The efficiency of this approach depends crucially on the properties of the computing nodes. It is useful if the nodes are storage or memory bound, but not if the cost of computing the interim values dominates the computing time. As this tradeoff requires intimate knowledge of the particular computing architecture, we will not pursue a detailed analysis of parallelisation in this paper.

3.5 Degridding with the Fast Gauss Transform

Degridding is used as part of the major cycle of Cotton-schwab clean (Rau & Cornwell, 2011). Degridding involves taking the dot-product of the $uv$ plane with the convolution function shifted to the location of a visibility at an arbitrary location (i.e. not at the center of a $uv$ cell).
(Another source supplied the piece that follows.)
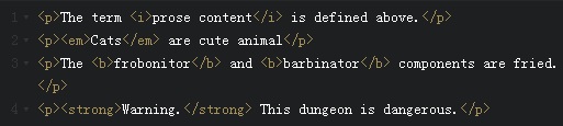 // 分类学名称 <p>The <i class="taxonomy">Felis silvestris catus</i> is cute.</p> // 术语 <p>The term <i>prose content</i> is defined above.</p> // 外语习语 <p>There is a certain <i lang="fr">je ne sais quoi</i> in the air.</p>
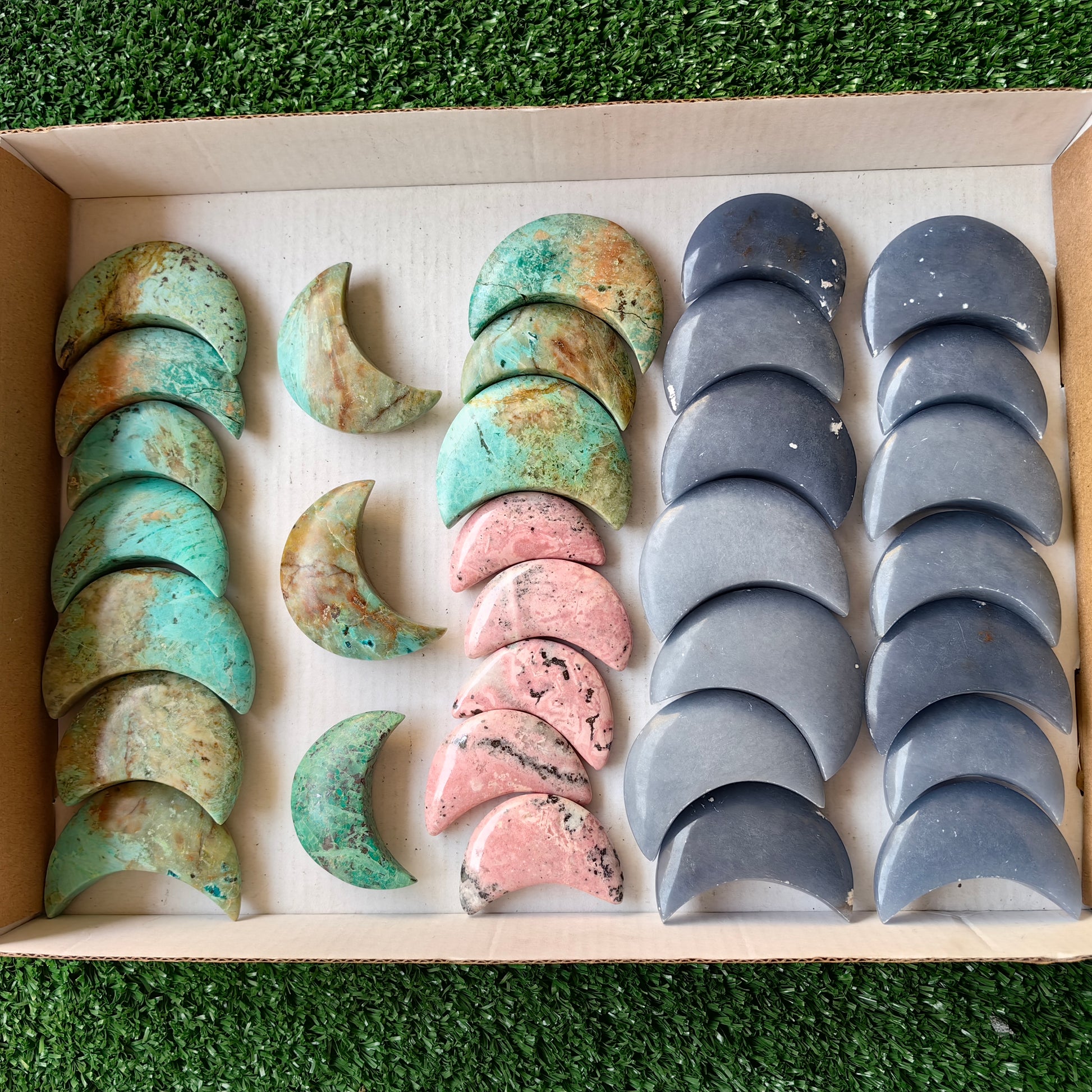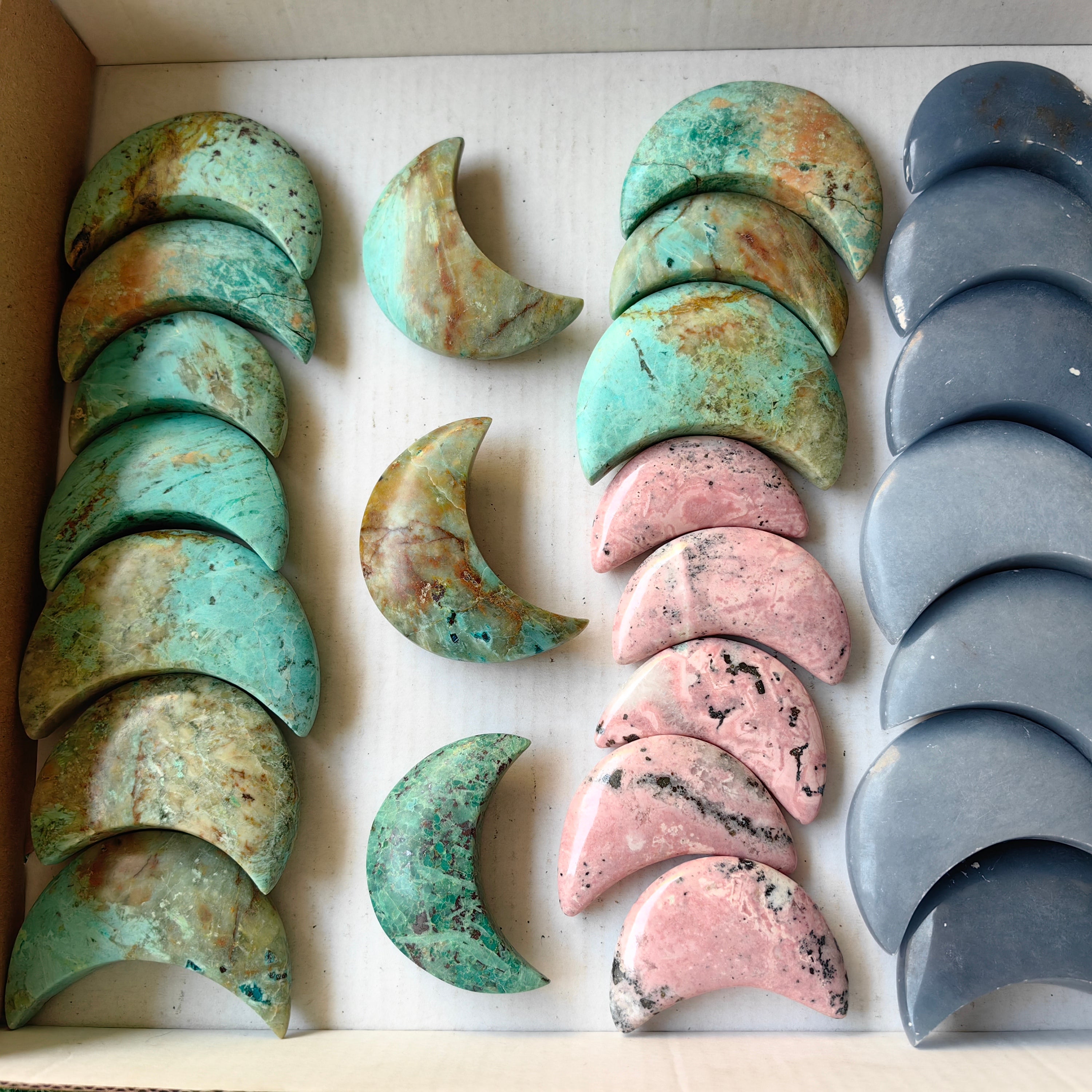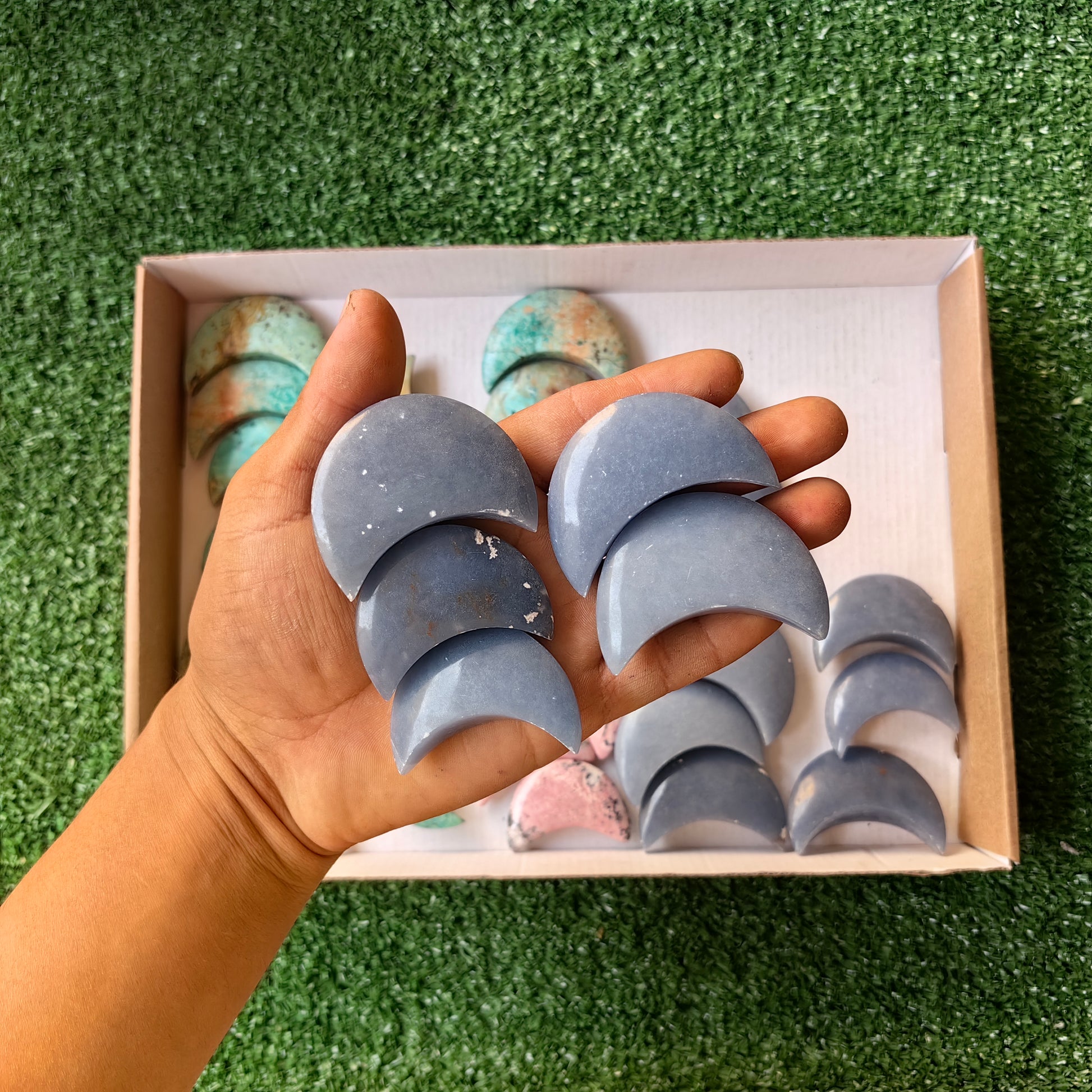 Lot 32 pcs Peruvian Turquoise / Angelite / Rhodonite moon

It is the dual of gridding.

Degridding can be performed analogously to gridding using the fast Gauss transform with target-dependent scales (S91). All the same comments about optimisations for gridding (Section 3.4) apply as for degridding.

3.6 Key differences between classical gridding and the FGT

The key conceptual differences between classical gridding and FGT gridding are described in Table 1

Table 1: Conceptual differences between classical gridding and gridding with the Fast Gauss Transform.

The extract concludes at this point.